Assignment: Each line from the one with "Дамски часовник Daniel" through the last line below must be written out exactly. Do not copy pictures.

(Data entries)
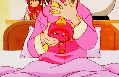 Content Description: a girl in a pink pajamas is sitting on a bed holding a pink clock
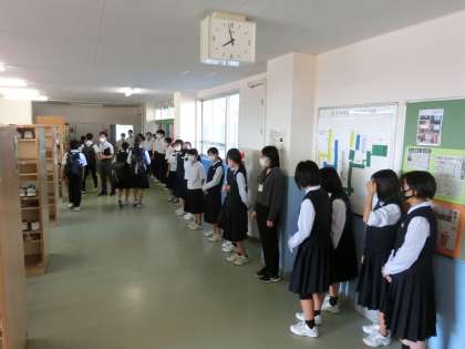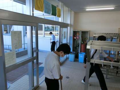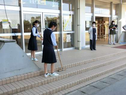 9月10日〔金) 朝の生徒会活動 公開日 2021/09/10 更新日 2021/09/10 生徒会 生徒玄関では、今朝もグッドモーニングウィーク(有志による挨拶運動)に参加する生徒の元気な挨拶の声が響いていました。また、生徒が気持ちよく登校できるようにと、美化委員会が今日も生徒玄関の朝清掃に取り組んでくれました。 新庄中学校では、生徒の自主的な活動がたくさん行われています。
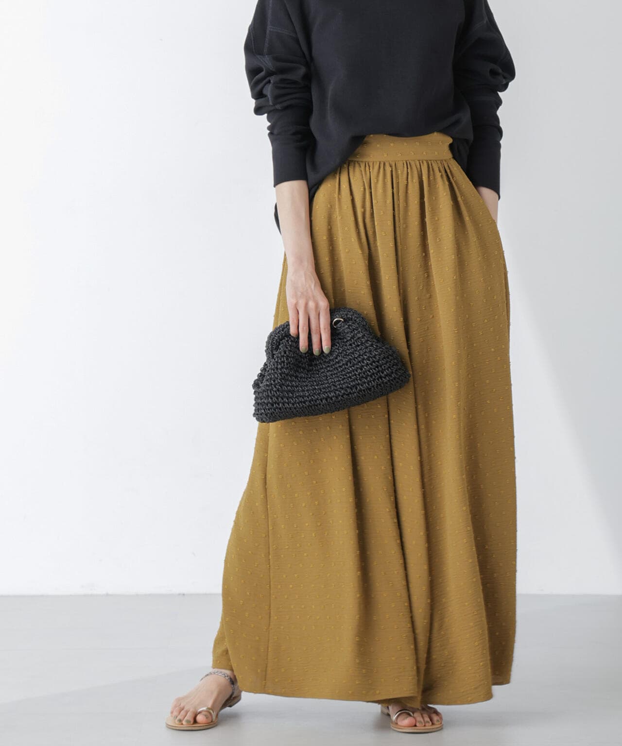 キュロットのようなデザインで、足さばきも良いドットワイドパンツ。小さめのドット柄が幼くなり過ぎず大人な印象で、サイドにポケットが付いているのも嬉しいポイント◎。程よくワイドなシルエットで合わせやすく、カジュアルからフェミニンまで難なくマッチします。
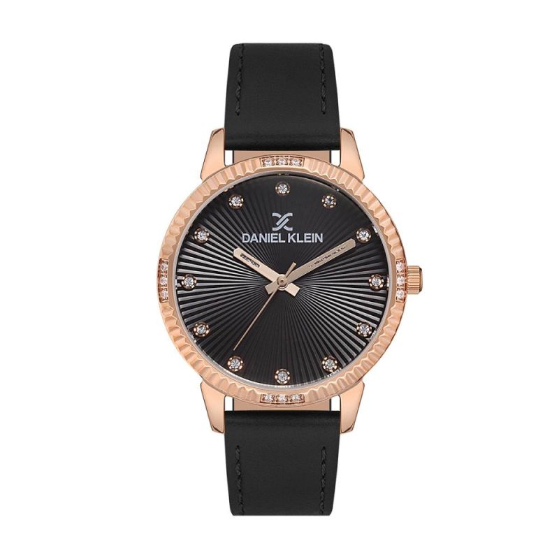 Дамски часовник Daniel Klein от колекцията Premium. Моделът е с черен аналогов дисплей и декорация от инкрустирани кристали. Стъкло минерал-кристал. Корпус изработен от висококачествена метална сплав, съчетан с каишка от естествена кожа. Кварцов механизъм. Водоустойчивост 3 ATM - допускат се леки пръски, не се препоръчва обилно мокрене.
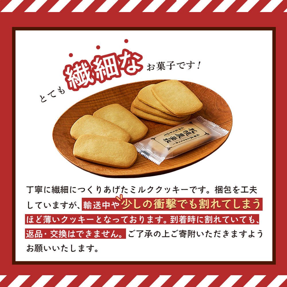 北海道産の小麦粉とバターに、たっぷりとミルクを使った贅沢な配合のミルククッキーです。北海道産の原材料にこだわり、じっくりと生地を寝かせて焼き上げる手間をかけた製法で作っています。
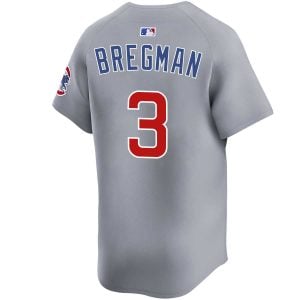 This Grey Road Limited Jersey showcases Alex Bregman representing the Chicago Cubs in a classic away style. The Cubs, known across Illinois for resilience and loyalty, carry Chicago pride wherever they play. The neutral grey base delivers a timeless road look, accented by fully stitched name and number that stand out clearly. The embroidered Cubs logo adds texture and depth, while stitched patches bring extra character. Designed for fans who follow the team on every road trip, this jersey offers comfort, clean details, and oversized sizing for a modern, easygoing feel.
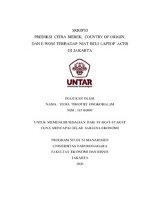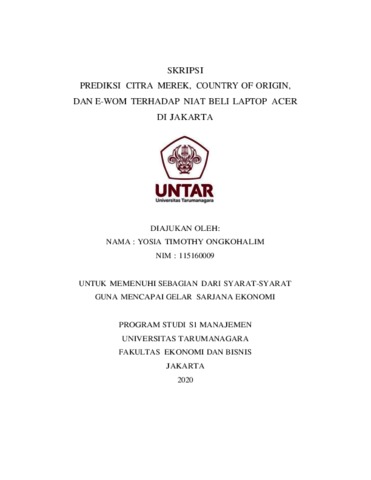 ONGKOHALIM, YOSIA TIMOTHY (2020) PREDIKSI CITRA MEREK, COUNTRY OF ORIGIN, DAN E-WOM TERHADAP NIAT BELI LAPTOP ACER DI JAKARTA. Skripsi thesis, Universitas Tarumanagara.
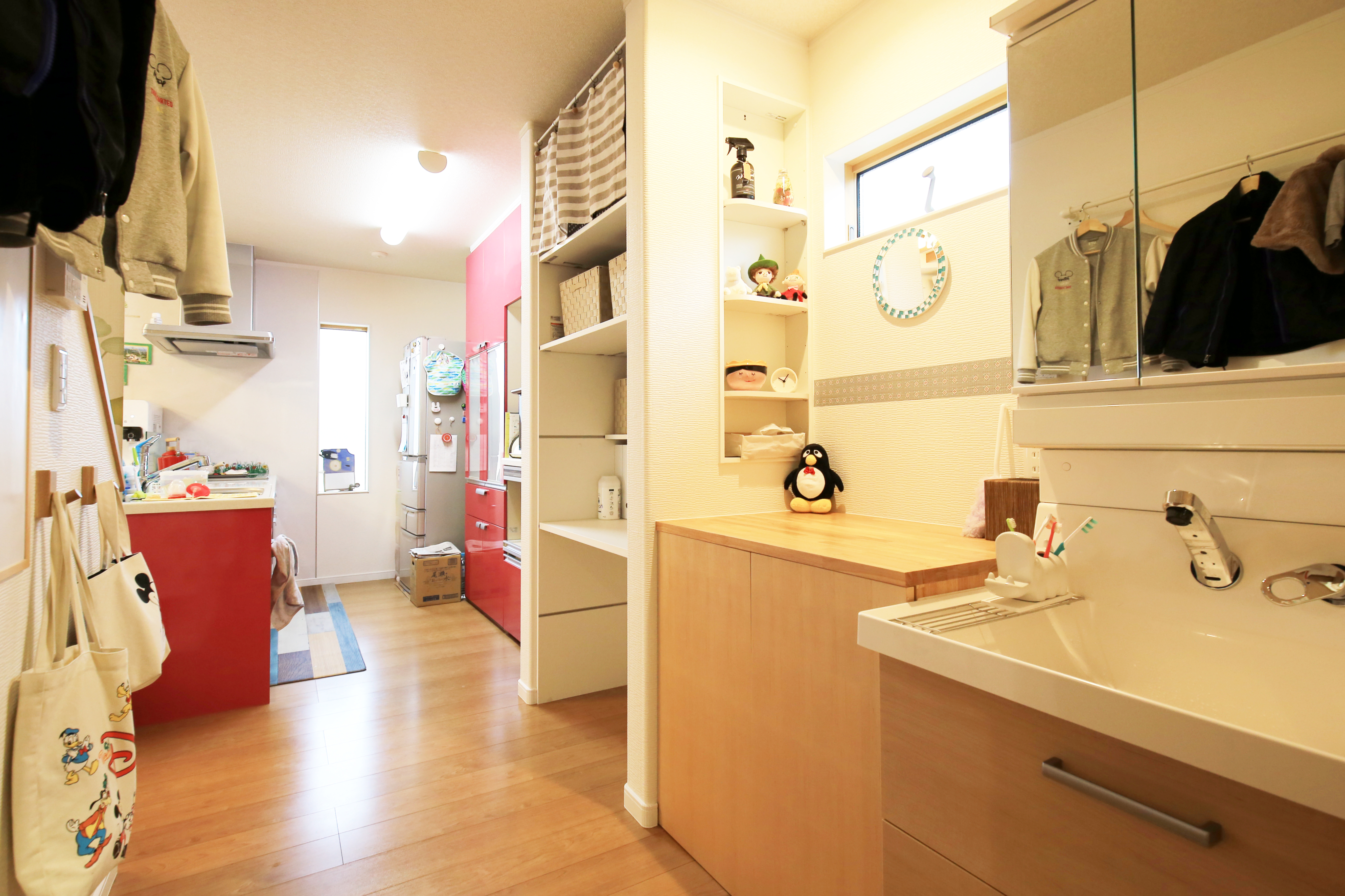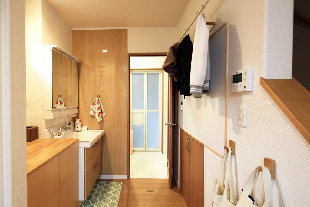既存の洗面化粧台を移動し、動線を考えた間取りに。服が掛けれるポールやホワイトボードを設置したことで、便利になりました。

Solution to this task:
 Дамски часовник Daniel Klein от колекцията Premium. Моделът е с черен аналогов дисплей и декорация от инкрустирани кристали. Стъкло минерал-кристал. Корпус изработен от висококачествена метална сплав, съчетан с каишка от естествена кожа. Кварцов механизъм. Водоустойчивост 3 ATM - допускат се леки пръски, не се препоръчва обилно мокрене.
 北海道産の小麦粉とバターに、たっぷりとミルクを使った贅沢な配合のミルククッキーです。北海道産の原材料にこだわり、じっくりと生地を寝かせて焼き上げる手間をかけた製法で作っています。
 This Grey Road Limited Jersey showcases Alex Bregman representing the Chicago Cubs in a classic away style. The Cubs, known across Illinois for resilience and loyalty, carry Chicago pride wherever they play. The neutral grey base delivers a timeless road look, accented by fully stitched name and number that stand out clearly. The embroidered Cubs logo adds texture and depth, while stitched patches bring extra character. Designed for fans who follow the team on every road trip, this jersey offers comfort, clean details, and oversized sizing for a modern, easygoing feel.
 ONGKOHALIM, YOSIA TIMOTHY (2020) PREDIKSI CITRA MEREK, COUNTRY OF ORIGIN, DAN E-WOM TERHADAP NIAT BELI LAPTOP ACER DI JAKARTA. Skripsi thesis, Universitas Tarumanagara.
既存の洗面化粧台を移動し、動線を考えた間取りに。服が掛けれるポールやホワイトボードを設置したことで、便利になりました。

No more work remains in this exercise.